Quando Carlos nasceu, uma andorinha de
pés tortos pousou sobre o parapeito da janela e piou comprido, numa língua que
só ela parecia entender. Mas o recado estava dado e a sina do menino traçada: Vai, Carlos ser gauche na vida!
Carlos cresceu espiando o mundo de
soslaio, incapaz de se encaixar na forma que moldava todos os outros. Na escola
repetia de ano por não se ater ao quadro negro, seu lápis percorrendo caminhos
tão diferentes dos desenhados pelo giz. A poesia estava lá fora, na chuva, nas
pedras do caminho, no canto da andorinha...
Mas era preciso crescer e crescer
significava adaptar-se. Tentou. Aos 20 anos, arrumou um emprego. Empoleirado no
telefone, recitava frases prontas para vender seguros. A morte multifacetada
transformada num chavão.
Noivou, na esperança de que o amor o
salvasse do vazio, mas o coração vasto não se preenchia com um romance
superficial.
Para comemorar mais um passo para longe
de si, embebedou-se de lua e conhaque, dançou, festejou e, por fim, rendeu-se
ao sono no banco de uma praça qualquer. Sonhou que estava preso em uma gaiola
no meio do nada. Do lado de fora, um pássaro voava baixo, cantarolando. Só pode ser deboche, pensou com gana de
matá-lo, mas, então, ele se aproximou.
Era o anjo torto feito andorinha. Seu
canto desenhava magicamente um mapa. O xis não marcava tesouros, mas o segredo
de sua vida. Quem sou eu? Por que não me encaixo neste mundo? Dúvidas que agrilhoavam
seu espírito. Despertou, decidido a se aventurar por causa do sonho e apesar
dele.
Embarcou no primeiro trem para o nada.
Estava lotado de pernas, braços e mentes imprensadas. Não se importou. Quinze
minutos depois, um homem atrás dos óculos e do bigode o avisou da chegada à estação.
Andou sem rumo, quase arrependido de
dar ouvidos ao pássaro estúpido. De repente, deu de cara com um barranco.

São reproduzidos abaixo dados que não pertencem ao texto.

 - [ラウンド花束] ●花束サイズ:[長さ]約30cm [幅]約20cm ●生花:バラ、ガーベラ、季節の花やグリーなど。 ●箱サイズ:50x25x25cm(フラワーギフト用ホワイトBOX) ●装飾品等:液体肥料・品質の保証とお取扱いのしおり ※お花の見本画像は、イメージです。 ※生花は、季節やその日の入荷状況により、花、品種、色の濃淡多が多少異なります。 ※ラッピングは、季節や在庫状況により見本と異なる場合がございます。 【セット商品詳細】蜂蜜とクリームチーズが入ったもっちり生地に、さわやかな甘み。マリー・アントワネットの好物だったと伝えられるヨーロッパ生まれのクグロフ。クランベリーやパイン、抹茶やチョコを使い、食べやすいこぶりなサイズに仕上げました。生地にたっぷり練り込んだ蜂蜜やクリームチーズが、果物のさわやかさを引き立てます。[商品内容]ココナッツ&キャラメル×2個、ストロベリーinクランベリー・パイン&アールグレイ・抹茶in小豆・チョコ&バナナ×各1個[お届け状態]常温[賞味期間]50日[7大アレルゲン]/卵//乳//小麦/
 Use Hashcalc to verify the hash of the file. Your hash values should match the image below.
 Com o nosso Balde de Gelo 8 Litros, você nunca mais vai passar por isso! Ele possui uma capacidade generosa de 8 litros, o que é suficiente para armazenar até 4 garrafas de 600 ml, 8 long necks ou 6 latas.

Desceu aos tropeços e seguiu em frente pelo chão curvo e enlameado. Era o
caminho traçado para ele desde o início, agora o sabia. Levara uma hora e três
tombos até aquele momento, mas tudo seria esquecido e mesmo comemorado se, ao
final, encontrasse a resposta desejada.
Com uma pá na mão e uma obsessão na
mente, cavava, cavava e cavaria até o centro da Terra se preciso fosse. Isso
pensava, mas a realidade é sempre outra e o brilho sempre menor. Por isso,
sentou-se ao cair da última folha da árvore solitária e lamuriosa.
Caído também, naquele instante, viu
passar uma andorinha, como sombra da vida num segundo ilusório. Não tinha pés,
perdera-os numa armadilha do destino, espalhada aos montes pelo caminho.

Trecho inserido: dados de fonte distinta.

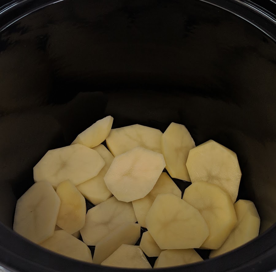 Por la mañana pelamos y cortamos las patatas en rodajas gruesas (algo más de 1 cm). Untamos el fondo de la cubeta con AOVE y las colocamos como muestra la foto

Doía-lhe pensar na crueldade dos homens, doía-lhe pensar no seu próprio
egoísmo, que ia apagando aos poucos essa imagem para se preocupar consigo mesmo
mais sossegadamente.
Refeito do cansaço abandonou qualquer
remorso e retornou à sua missão: cavou, cavou, recavou e concluiu que não havia
nada ali, senão lama, lama, lama. Sentiu-se traído por seu sonho... tão real.
Viu-se só, sem estrela e sem galáxia,
no silêncio da noite eterna, até ouvir as batidas de um coração e o grito da
ave. Levantou-se para correr na direção do som, que não era outra senão o ponto
em que começara a cavar. Fez das mãos conchas, e das conchas enterradas na
terra, surgiu sua verdade, seu segredo, eram os pés tortos da andorinha.